**Recorded information**:
== Segment start ==

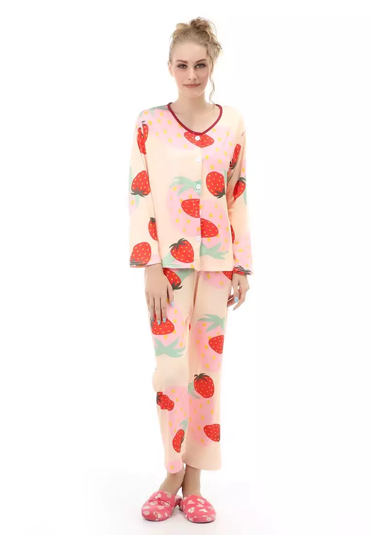 Vance Setelan Piyama Baju Tidur Wanita Lengan Panjang Strawberry Motive Material Cotton ORIGINAL - Cream
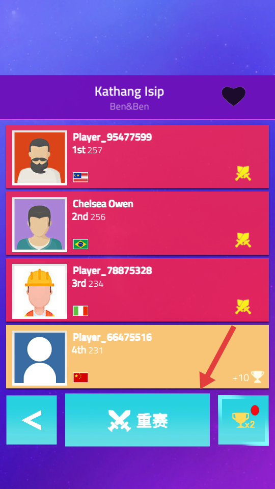 4、结算后点击【重赛】,再次挑战歌曲【Kathang-Isip】,争取更高排名与得分。
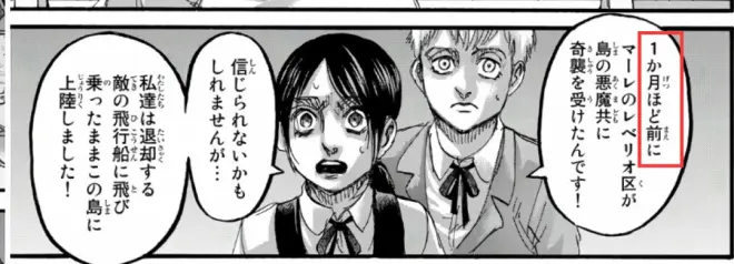 其实在timeskip之后一直用倒序插叙的手法,事件的时间概念其实很模糊,只知道是一年前、两年前这样的年份,具体到月份都很困难,但是谏山唯独有两个时间点给出了十分清晰的月份,一个是地鸣前十个月,一个是地鸣前一个月。
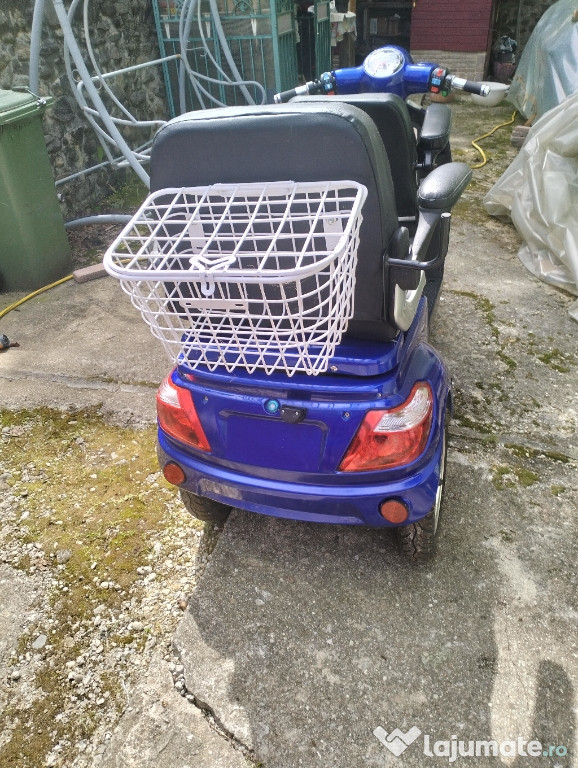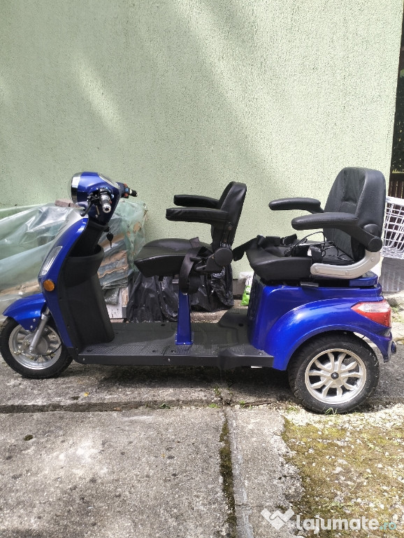 Tricicletă ZT18 nefolosita cu bateriile în garanție noi . Tricicleta electrica adulti 2 locuri, 1000 W, 25 km h, Z-Tech ZT 18Tricicleta electrica adulti 2 locuri fara permis ZT 18 de la Z-Tech este ideala pentru cei care vor sa se bucure de libertatea de a se deplasa usor, fara a fi nevoiti sa obtina un permis de conducere. Acest vehicul electric are un motor puternic de 1000W fara perii, baterii de 60 V (5 bucati x 12V), capacitate 20 Ah Plumb-Gel (Acid), ghidon cu soft grip, fotoliu reglabil, cotiere rabatabile si frana fata spate butuc. Tricicleta electrica ZT 18 ofera o autonomie de 60Km si poate urca pante cu un unghi de maxim 25 de grade.
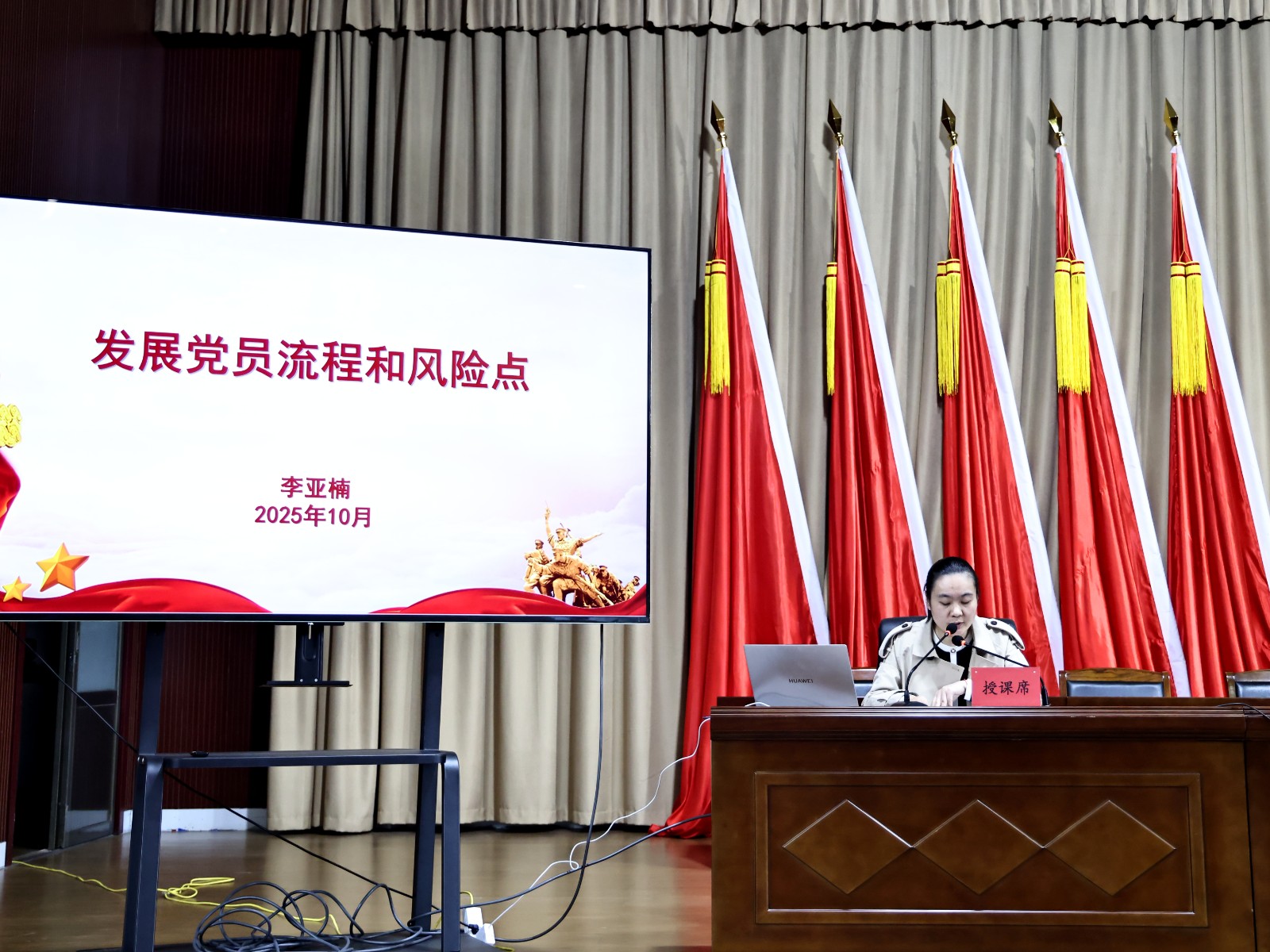 镇党委委员、组织委员围绕发展党员工作展开专题讲解,系统梳理了申请入党、入党积极分子确定培养、发展对象确定考察、预备党员接收、预备党员教育考察转正等五个阶段、二十五个步骤。重点明确了发展党员须具备的五个基本条件,强调了工作中需重点把握的两个问题、四个关键环节,详细说明过程中需要注意的事项及防范措施,并从压实工作责任、提升业务能力、严肃工作纪律等方面提出具体要求。
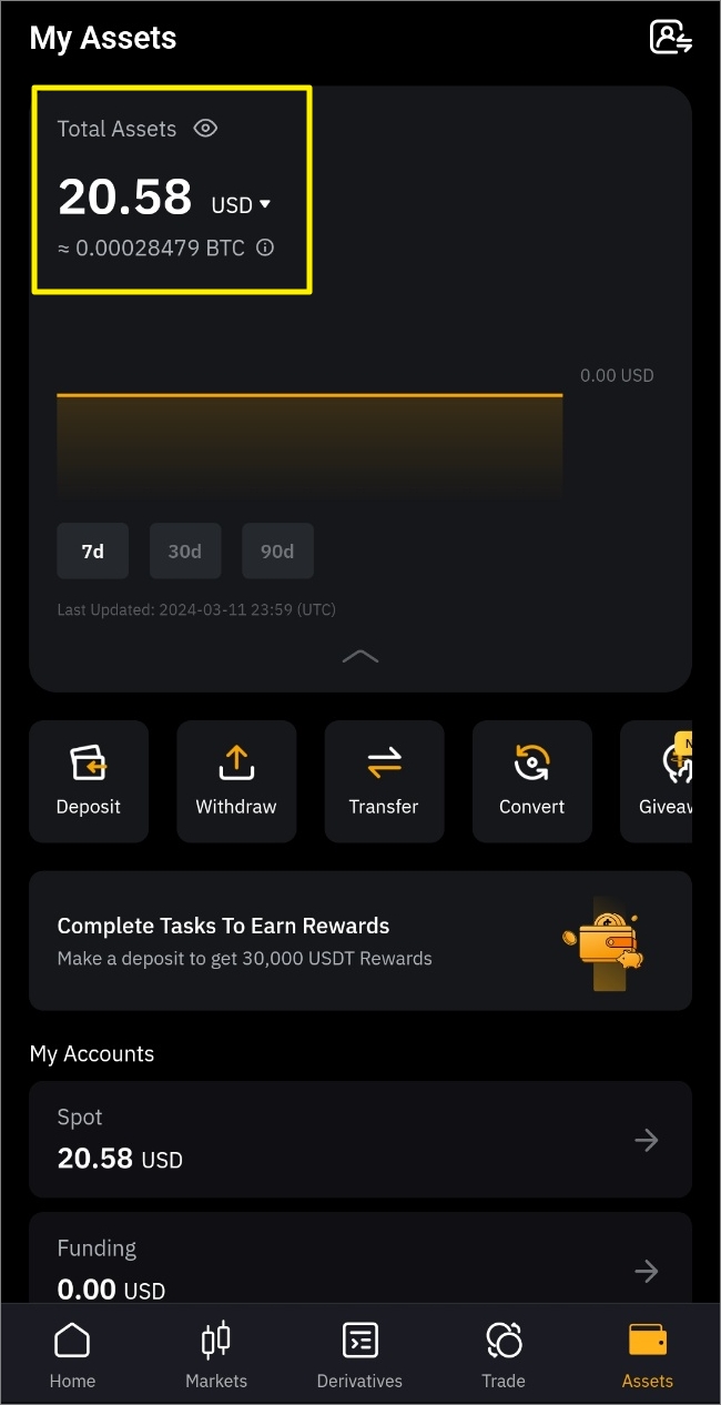 바이비트 앱에서, 우측 하단의 'Assets'을 선택하여

== Segment end ==

**Problem statement**:
Leaving out the pictures, print each line of the records above from the first up to and including the one that contains "其实在timeskip之后一", exactly as written.

**Task solution**:
 Vance Setelan Piyama Baju Tidur Wanita Lengan Panjang Strawberry Motive Material Cotton ORIGINAL - Cream
 4、结算后点击【重赛】,再次挑战歌曲【Kathang-Isip】,争取更高排名与得分。
 其实在timeskip之后一直用倒序插叙的手法,事件的时间概念其实很模糊,只知道是一年前、两年前这样的年份,具体到月份都很困难,但是谏山唯独有两个时间点给出了十分清晰的月份,一个是地鸣前十个月,一个是地鸣前一个月。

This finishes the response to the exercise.